Танкисты (Повесть) - Баскаков Владимир Евтихианович. Страница 2

— Отправляйтесь на свое место, — с раздражением и переходя на «вы», сказал генерал, заметив, что худенький лейтенант все еще стоит там же, где и стоял. — Занесла вас нелегкая в середину колонны. Сдали бы свои подарки в тылы, что ли!

— У меня приказ доставить груз по назначению…

Генерал прервал лейтенанта:

— Идите, я вам говорю.

И опять заревели моторы, защелкали, заскрипели бревна. Колонна тронулась…
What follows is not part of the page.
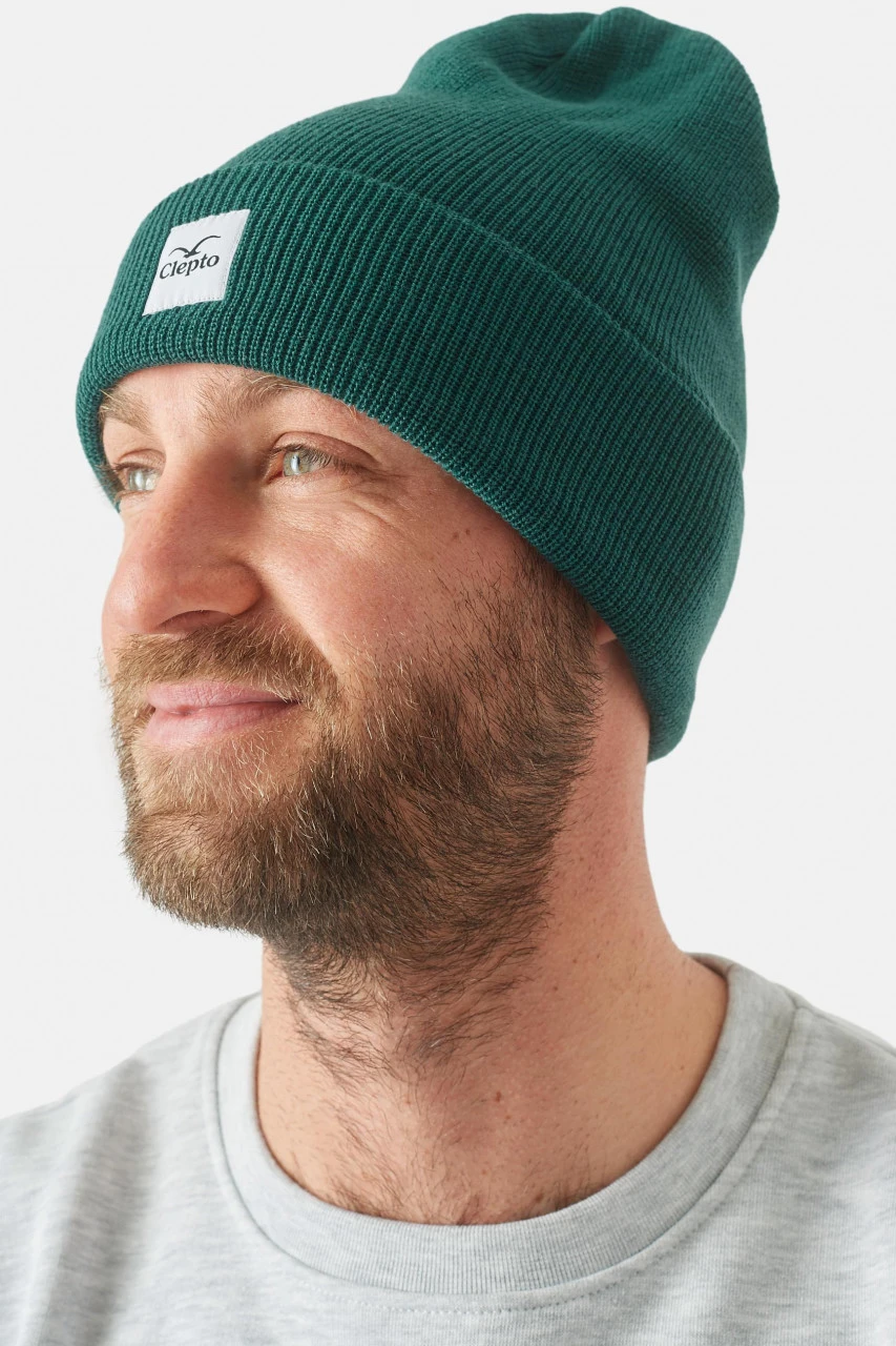 Klassische pflegeleichte Beanie Strickmütze von Cleptomanicx in einem schönen grünen Petrol-Farbton. Auf dem Umschlag ist das klassische Clepto Möwen-Logo als Aufnäher angebracht. Bringt garantiert Farbe in den Alltag!Nachhaltigkeit:

Генерала Шубникова назначили командовать корпусом совсем недавно. Да, собственно, его и не могли назначить раньше: механизированные корпуса возникли лишь в сентябре. Под Москвой их формировали сразу три. И в каждом — две сотни танков, пехота на колесах, артиллерия, «катюши», саперы. Почти две тысячи автомашин — и ни повозки, ни лошади. Танковые корпуса существовали с весны и уже воевали в донских и приволжских степях. А мехкорпус — это совсем новая организационная форма. Так, во всяком случае, ему сказали в Наркомате обороны. Впрочем, сам Шубников знал, что не очень-то новая. Он еще в тридцать четвертом году служил в мехкорпусе, командовал батальоном. Потом механизированные корпуса расформировали.

Шубников вспомнил, как в тридцать седьмом его, только что окончившего академию механизации и моторизации, встретил старый дружок Иван Ковальчук: вместе учились в конце двадцатых годов в кавшколе. Но Иван успел уже стать комбригом, и они обмывали его ромб в московской квартире Ковальчука на Усачевке.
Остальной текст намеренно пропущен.